*RECORDS SUPPLIED*.
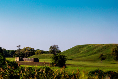 Stockade Wall and Monks Mound, Cahokia Mounds State Historic Site, Illinois
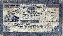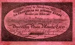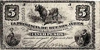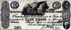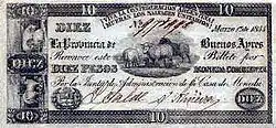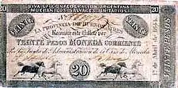 It was also known by the name of the peso papel as opposed to the Peso Fuerte ($F) and the gold or silver coins of previous issues. It circulated almost exclusively in the Buenos Aires Province, since in the interior of the country only metallic coins were used during that time, such as the old Bolivian silver peso, and also, to a lesser extent, coins from other countries. “It was the role of the province of Buenos Aires –or current currency- that really imposed the monetary practices, evicting silver and gold from circulation.”[1]
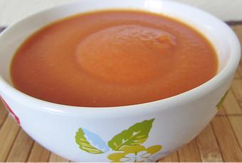 Un velouté épais, épicé et coloré, voilà de quoi se réchauffer au plus froid de l'hiver. Le mélange patate douce tomate et curry donne une soupe bien relevée, qui change des mélanges de légumes habituels en cette saison ; je préfère dès qu'on sort de l'été ne plus utiliser de tomates fraîches et prendre plutôt des tomates en conserve ou un bon concentré de tomates qui apportera plus de goût.
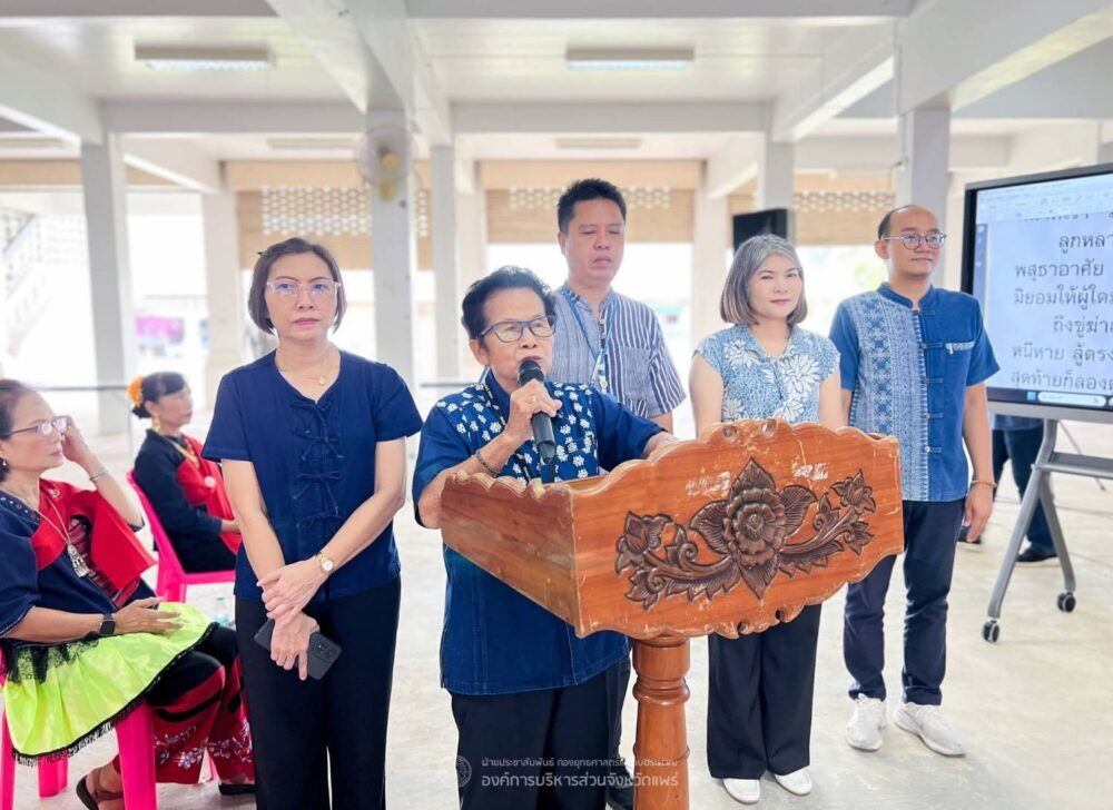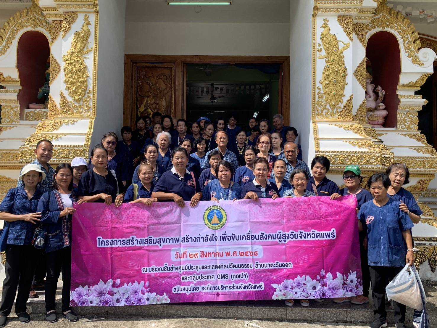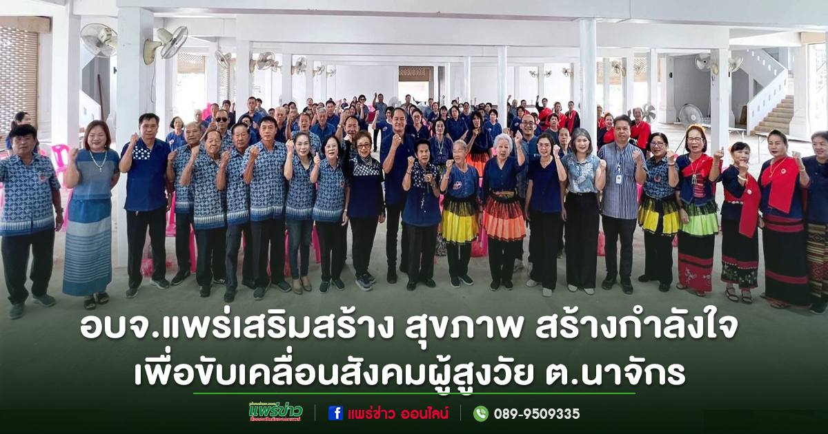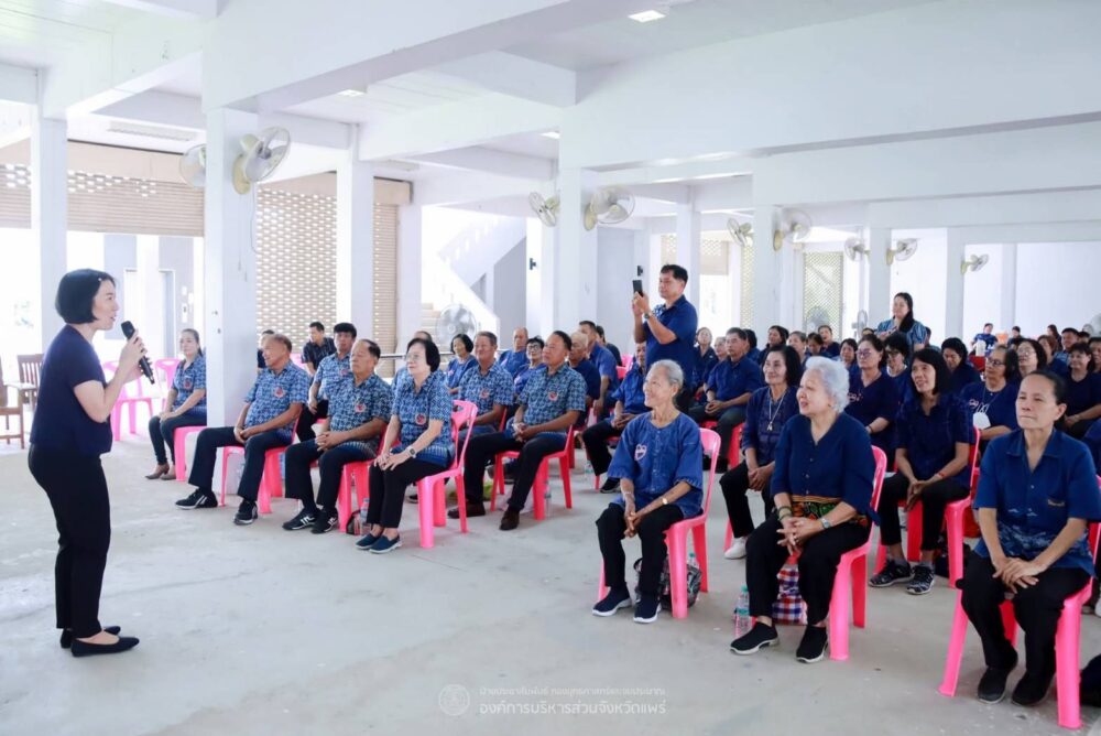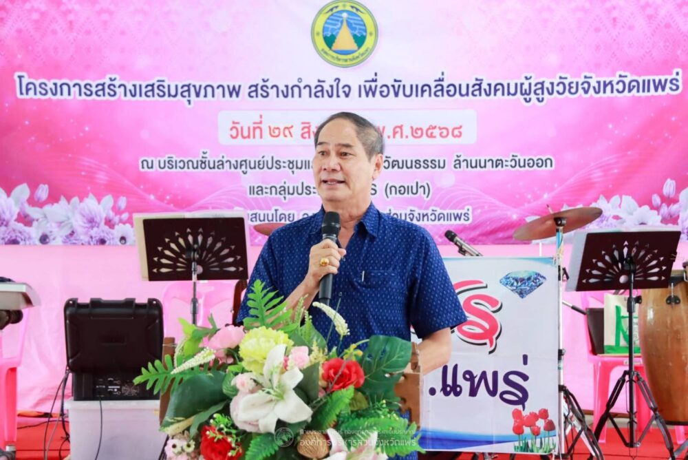 วันที่ 29 สิงหาคม 2568 นายอนุวัธ วงศ์วรรณ นายกองค์การบริหารส่วนจังหวัดแพร่ มอบหมายให้ นายพิภพ ถานะวุฒิพงศ์ รองนายกองค์การบริหารส่วนจังหวัดแพร่ เป็นประธานพิธีเปิดโครงการสร้างเสริมสุขภาพ สร้างกำลังใจ เพื่อขับเคลื่อนสังคมผู้สูงวัยจังหวัดแพร่ รุ่นที่ 6 ณ ศูนย์ประชุมและแสดงศิลปวัฒนธรรมล้านนาตะวันออกและกลุ่มประเทศ GMS ทั้งนี้ มีผู้สูงอายุจากตำบลนาจักร อำเภอเมืองแพร่ จำนวน 100 คน เข้าร่วมโครงการ
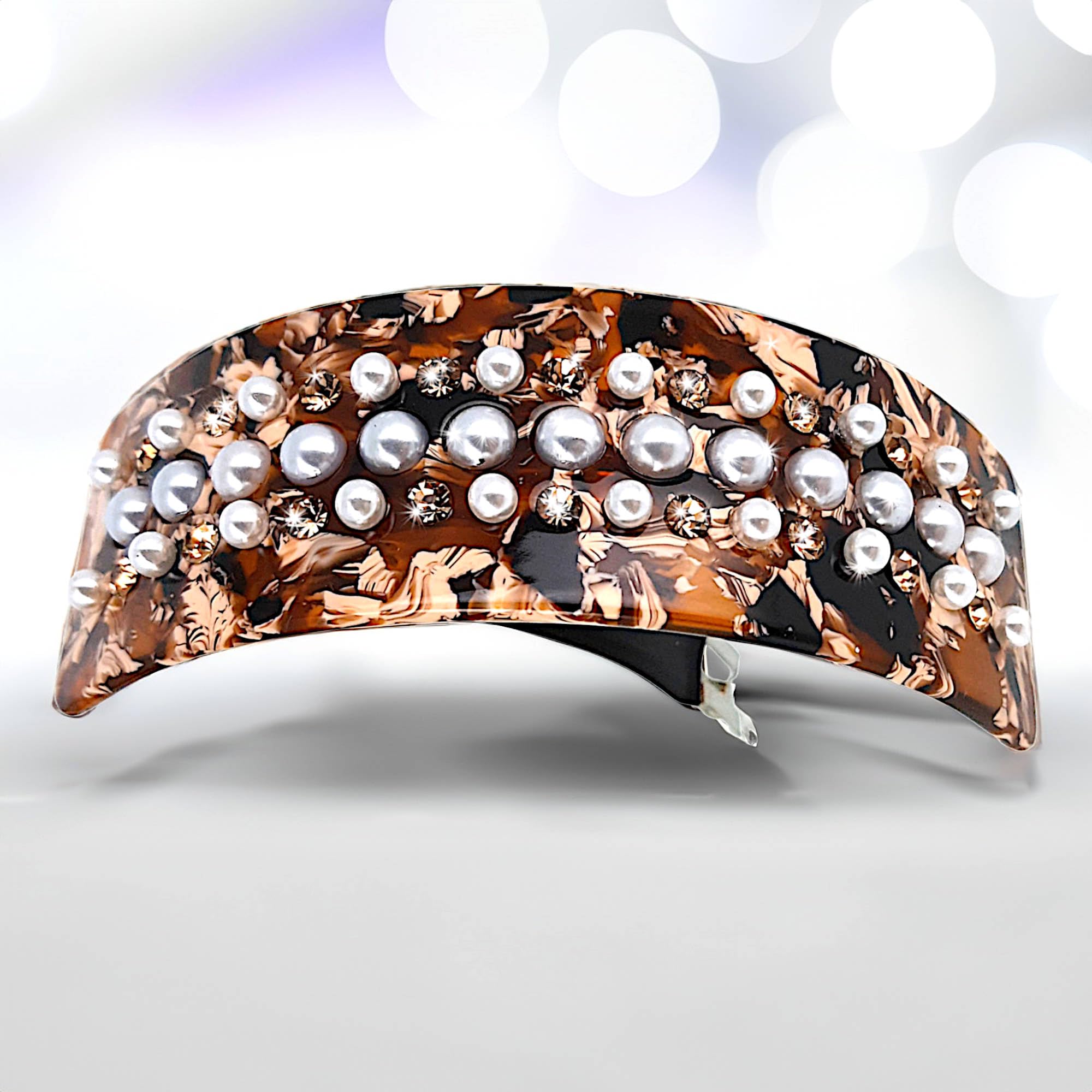 A selection of 4 colors: You will find hair clips in this option that harmonize with your outfits, your taste and hair color.A nice present.Optimal quality: Made from resistant materials (cellulose acetate and stainless steel) for a long service life, keeps the original luminosity and reflection.Hair clips for women without errors, with absolute robustness and infallible versatility.Practical and good: By attaching a chic hair knot or a loose ponytail with one click, the large, robust and light hair clip ensures a safe, comfortable hold, does not pull on the hair and does not damage your hair.For all hair types: The flexible double spring metal attachment system of the hair accessories adapts to the thickness of the paved hair and is therefore suitable for thick or thin hair.Beautify your hair: Personalize your appearance with this beautiful glittering hair clip with an exclusive design and graceful brown reflexes, finely decorated with freshwater pearls and AAA stone that give you character and elegance.Eine Auswahl von 4 Farben: Sie finden Haarspangen in dieser Auwahl, die mit Ihren Outfits, Ihrem Geschmack und Ihrer Haarfarbe harmonieren. Ein schönes Geschenk. Optimale Qualität: Hergestellt aus widerstandsfähigen Materialien (Zellulose-Acetat und Edelstahl) für eine lange Lebensdauer, behält die ursprüngliche Leuchtkraft und Reflexion. Haarspangen für Damen ohne Fehler, mit absoluter Robustheit und unfehlbarer vielseitiger Verwendbarkeit. Praktisch und gut: Durch das Befestigen eines schicken Haarknotens oder eines lockeren Pferdeschwanzes mit einem Klick sorgt die große, robuste und leichte Haarspange für einen sicheren, bequemen Halt, zieht nicht an den Haaren und schädigt Ihr Haar nicht. Für alle Haartypen: Das flexible Doppelfeder-Metallbefestigungssystem der Haar-Accessoires passt sich der Dicke der befestigten Haare an und ist daher für dickes oder dünnes Haar geeignet. Verschönern Sie Ihr Haar: Personalisieren Sie Ihr Aussehen mit dieser schönen glitzernden Haarspange mit exklusivem Design und anmutigen braunen Reflexen, fein verziert mit Süßwasserperlen und AAA-Strasssteinen, die Ihnen Charakter und Eleganz verleihen.Haarspange für Damen, Perle, Strass, braun, Haarklammer, Original, luxuriös, Haar-Accessoire, Zellulose-Acetat, Schildplatt-Motiv, abgerundetes Rechteck Marron

*WORK ORDER*.
Take the lines from the start of the listing above through the line with "It was also", both ends included, and copy them exactly, leaving the pictures behind.

*ANSWER TO THIS EXERCISE*.
 Stockade Wall and Monks Mound, Cahokia Mounds State Historic Site, Illinois
 It was also known by the name of the peso papel as opposed to the Peso Fuerte ($F) and the gold or silver coins of previous issues. It circulated almost exclusively in the Buenos Aires Province, since in the interior of the country only metallic coins were used during that time, such as the old Bolivian silver peso, and also, to a lesser extent, coins from other countries. “It was the role of the province of Buenos Aires –or current currency- that really imposed the monetary practices, evicting silver and gold from circulation.”[1]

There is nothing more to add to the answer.